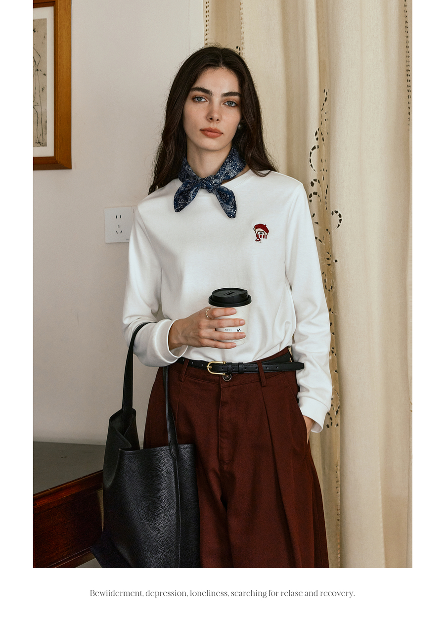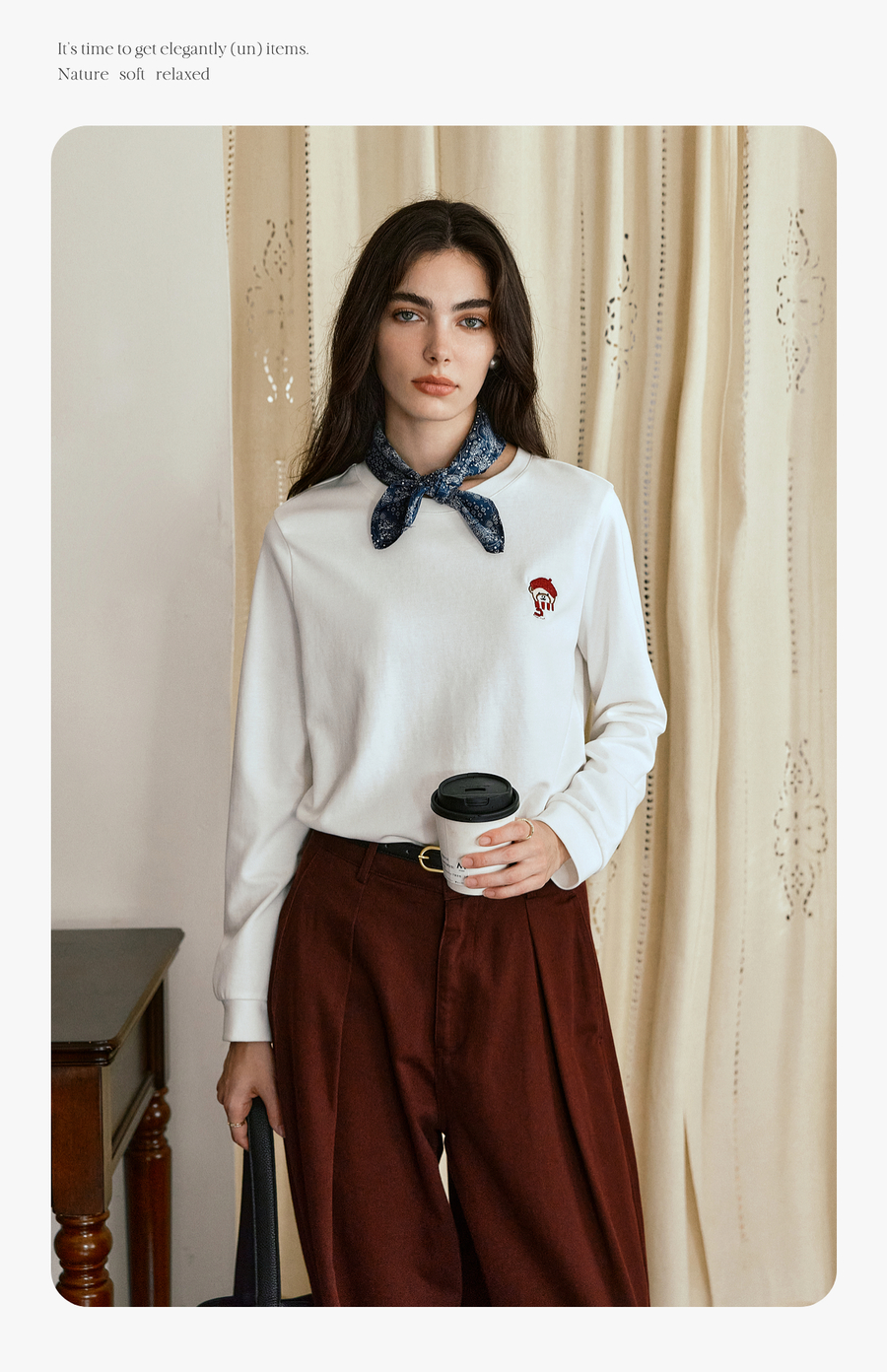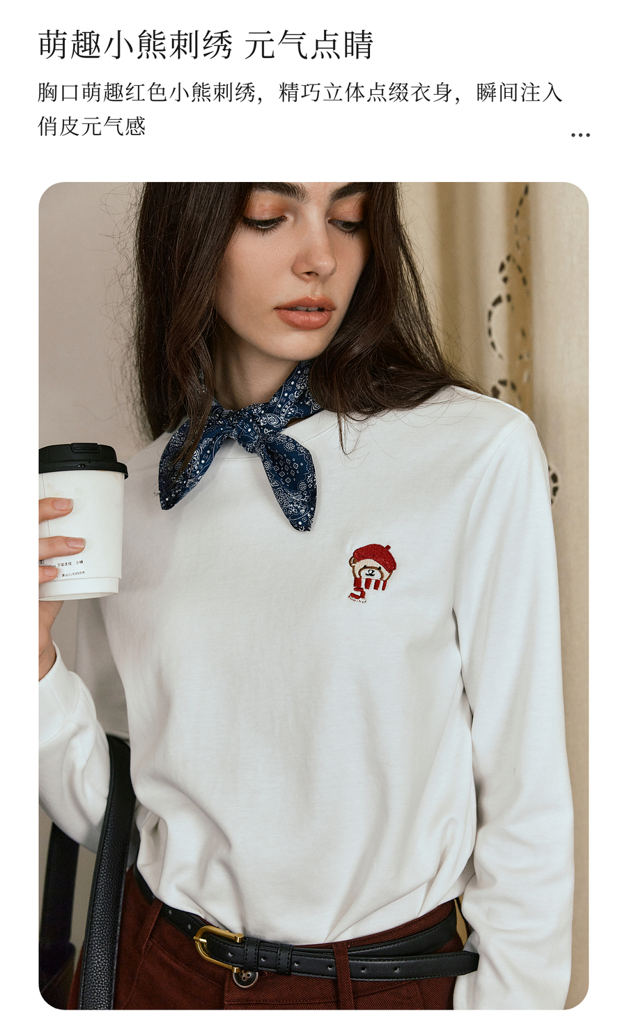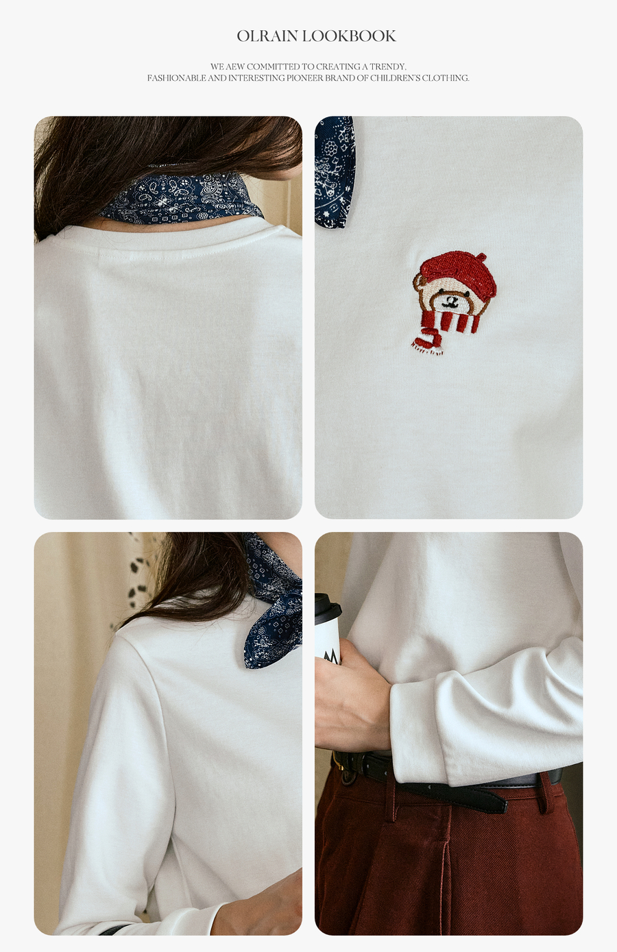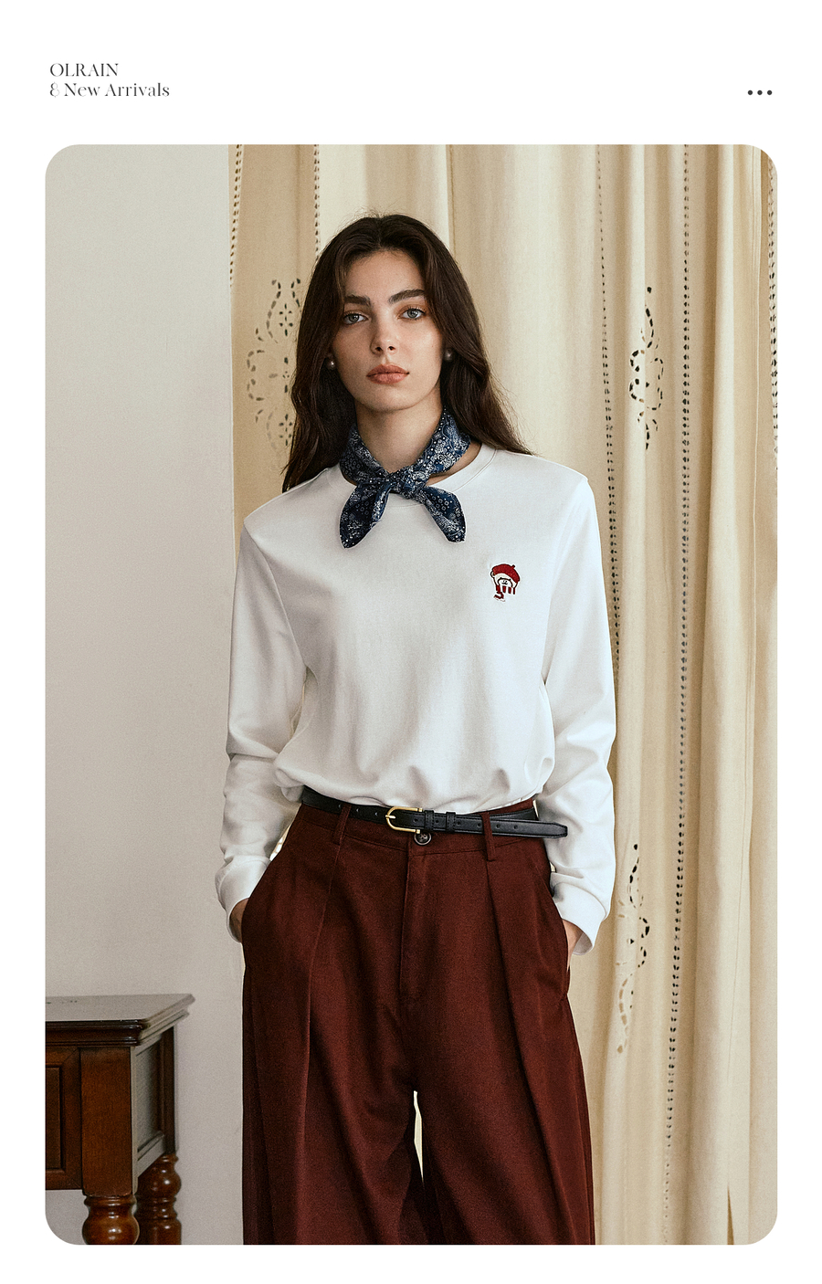 OLrain欧芮儿法式刺绣宽松长袖T恤女秋季2025新款休闲针织上衣
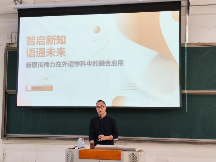 为应对信息时代外语教育变革需求,探索科技赋能外语教学的新路径,近日,福建师范大学林明金教授应邀莅临我校,就新质传播力在外语学科中的融合应用作题为“智启新知,语通未来”的专题讲座。讲座由ok138cn太阳集团院长池玫教授主持,ok138cn太阳集团全体教师以及部分高年级学生代表参加了本次活动。
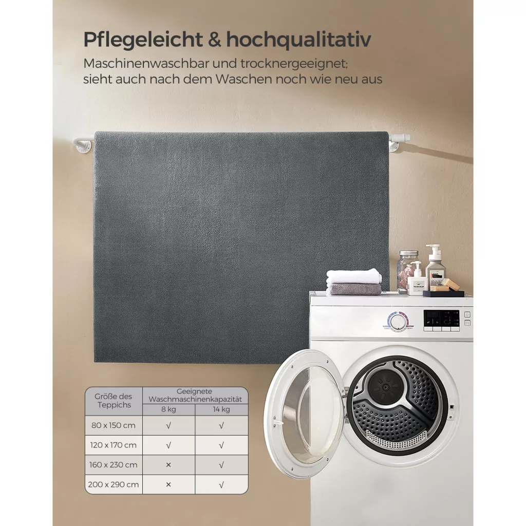 SONGMICS Szőnyeg 160x230 cm, mosható, csúszásmentes, galambszürke
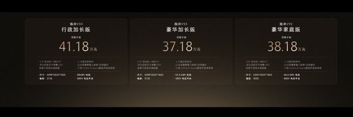 当技术与产品完成深度融合,剩下的便是交给用户来检验。魏牌V9X,即日起正式开启全球预售。依托归元S平台的原生优势,魏牌V9X提供行政加长版、豪华加长版以及豪华家庭版三款选择,家庭版(车长5205mm,轴距3050mm)更适合家庭用户,加长版(车长5299mm,轴距3150mm)宜商宜家。豪华家庭版预售价38.18万元、豪华加长版预售价37.18万元、行政加长版预售价41.18万元。
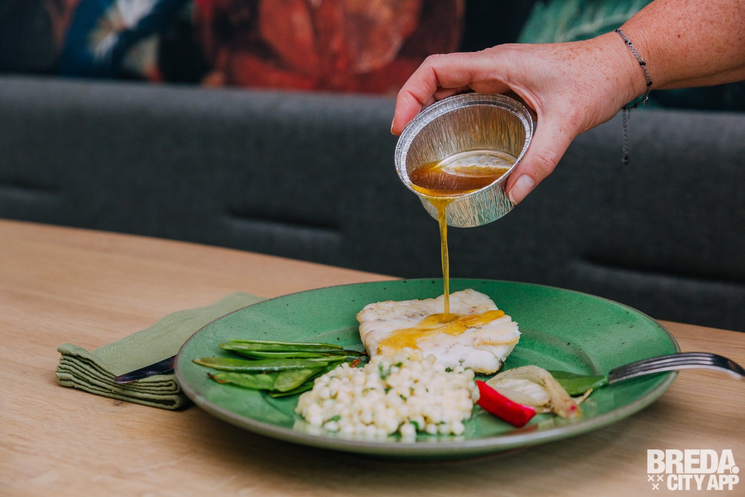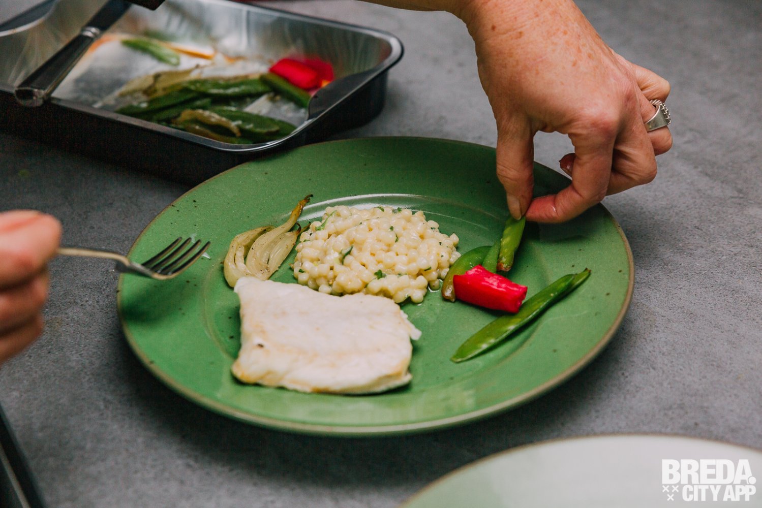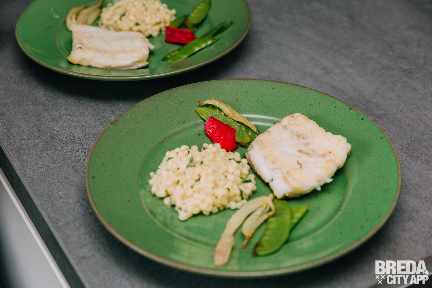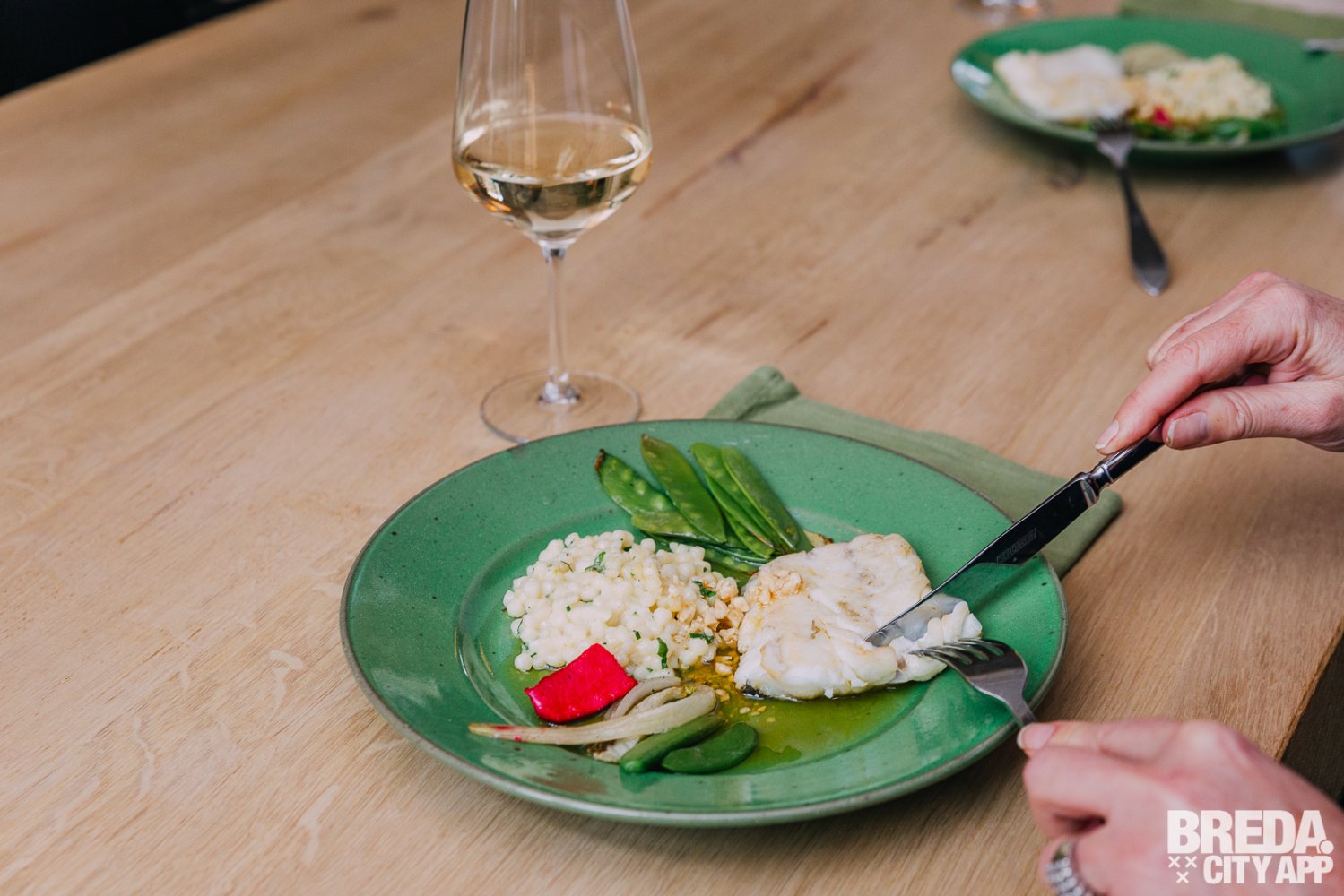 Het hoofdgerecht kan zó in de meegeleverde schaal de oven in. Geen gedoe met pannen, geen afwas. De laatste 5 minuten gaan onze borden mee de oven in en schenken we de volgende wijn in. Dan gieten we de warme Beurre Noisette over de vis en garneren ons bord met knapperige groenten en de Fregola Fenegriek. Op de website hebben we al kunnen lezen wat skrei precies is; een jonge winterkabeljauw die leeft in de Barentszzee en wordt gezien als een delicatesse. Even later begrijpen we waarom.

**TASK BRIEF:** Leave the images aside and retype each line of the listing above exactly.

**YOUR RESPONSE:**
 OLrain欧芮儿法式刺绣宽松长袖T恤女秋季2025新款休闲针织上衣
 为应对信息时代外语教育变革需求,探索科技赋能外语教学的新路径,近日,福建师范大学林明金教授应邀莅临我校,就新质传播力在外语学科中的融合应用作题为“智启新知,语通未来”的专题讲座。讲座由ok138cn太阳集团院长池玫教授主持,ok138cn太阳集团全体教师以及部分高年级学生代表参加了本次活动。
 SONGMICS Szőnyeg 160x230 cm, mosható, csúszásmentes, galambszürke
 当技术与产品完成深度融合,剩下的便是交给用户来检验。魏牌V9X,即日起正式开启全球预售。依托归元S平台的原生优势,魏牌V9X提供行政加长版、豪华加长版以及豪华家庭版三款选择,家庭版(车长5205mm,轴距3050mm)更适合家庭用户,加长版(车长5299mm,轴距3150mm)宜商宜家。豪华家庭版预售价38.18万元、豪华加长版预售价37.18万元、行政加长版预售价41.18万元。
 Het hoofdgerecht kan zó in de meegeleverde schaal de oven in. Geen gedoe met pannen, geen afwas. De laatste 5 minuten gaan onze borden mee de oven in en schenken we de volgende wijn in. Dan gieten we de warme Beurre Noisette over de vis en garneren ons bord met knapperige groenten en de Fregola Fenegriek. Op de website hebben we al kunnen lezen wat skrei precies is; een jonge winterkabeljauw die leeft in de Barentszzee en wordt gezien als een delicatesse. Even later begrijpen we waarom.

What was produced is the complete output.